Testing Your MCP Server

Use the official MCP CLI or a client library to test. If you’re using VS Code or a compatible IDE with MCP support, you can configure it to connect to your server. See the official C# SDK documentation for client setup and testing patterns.

{
  "mcpServers": {
    "expense-approval": {
      "command": "dotnet",
      "args": ["run", "--project", "./McpExpenseServer"],
      "env": {
        "ASPNETCORE_ENVIRONMENT": "Development"
      }
    }
  }
}

The IDE will discover your tools and display them in the MCP client interface. You can invoke them directly and see responses.

Key Takeaways

MCP is a lightweight, open protocol that turns your .NET APIs and business logic into AI-discoverable tools. Building an MCP server in ASP.NET Core 9 is straightforward: define your tools using attributes, implement handlers, integrate with your existing services, add authentication, and deploy.

For UAE enterprises, this unlocks a powerful pattern: your existing CRM, ERP, approval workflows, and data queries become first-class citizens in the AI ecosystem. AI agents, VS Code, and future clients can discover and invoke them autonomously. You don’t need a custom agent framework or extensive middleware. The protocol handles the discovery and invocation.

Start small. Expose one or two critical tools from your existing .NET stack. Test with a local MCP client. Then scale: containerize, deploy to Azure, add more tools, and watch your enterprise logic become part of the AI-driven future.

What is Model Context Protocol (MCP)?

MCP is an open standard that allows AI agents, IDEs, and other clients to discover and invoke tools exposed by servers. Think of it as REST for AI: your MCP server describes available tools and their input schemas, clients discover them, and invoke them with arguments. It’s backed by Anthropic and has implementations for multiple languages including .NET.

Do I need to rewrite my existing .NET APIs to use MCP?

No. Your MCP server sits as a thin adapter layer on top of your existing services, repositories, and DbContext. Your business logic remains unchanged. The MCP server simply exposes your existing operations as discoverable tools that AI clients can invoke.

How do I handle authentication and authorization in an MCP server?

If hosting over HTTP, use standard ASP.NET Core authentication middleware (JWT, OAuth, etc.) to authenticate clients. For tool-level authorization, check user claims or roles before executing the handler. Pass the authenticated user context into your service layer so audit logs and business rules apply consistently.

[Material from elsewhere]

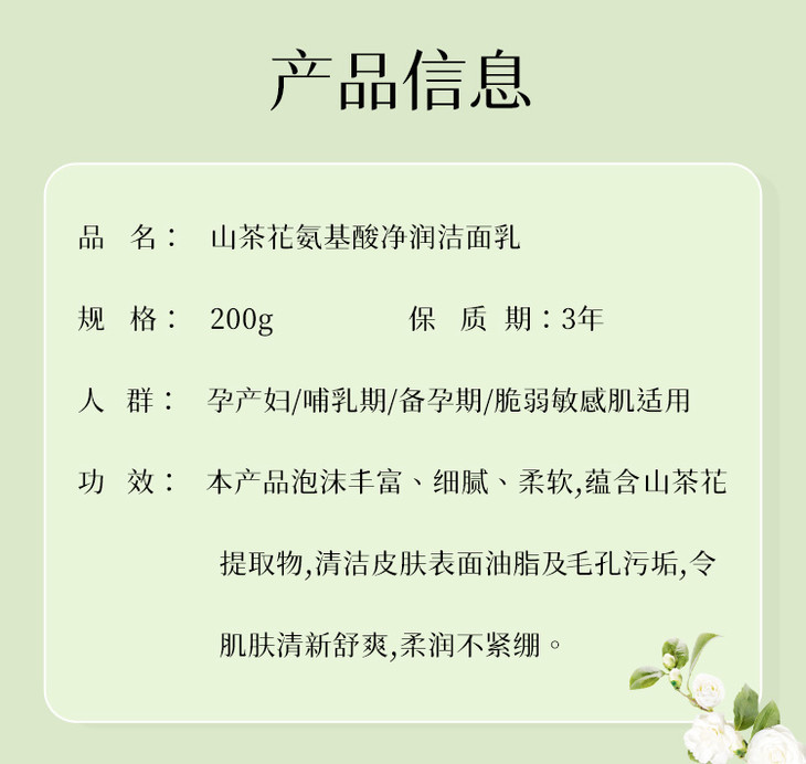 | 品名: | 【孕期可用】植物主义山茶花氨基酸净润洁面乳200g洗面奶护肤品 |

What are the deployment options for an MCP server built in .NET?

You can run it as a standalone ASP.NET Core app on a VM or App Service, deploy it as an Azure Function for serverless scaling, or containerize it and run on Kubernetes or Docker Swarm. Choose based on your enterprise infrastructure and DevOps practices.

Can an MCP server expose resources and prompts, or just tools?

MCP defines three main concepts: tools (functions), resources (data or content), and prompts (reusable templates). Most enterprise integrations focus on tools, but you can implement resources and prompts as well. Resources are useful for exposing customer records, documents, or configuration data; prompts are useful for standardized workflows.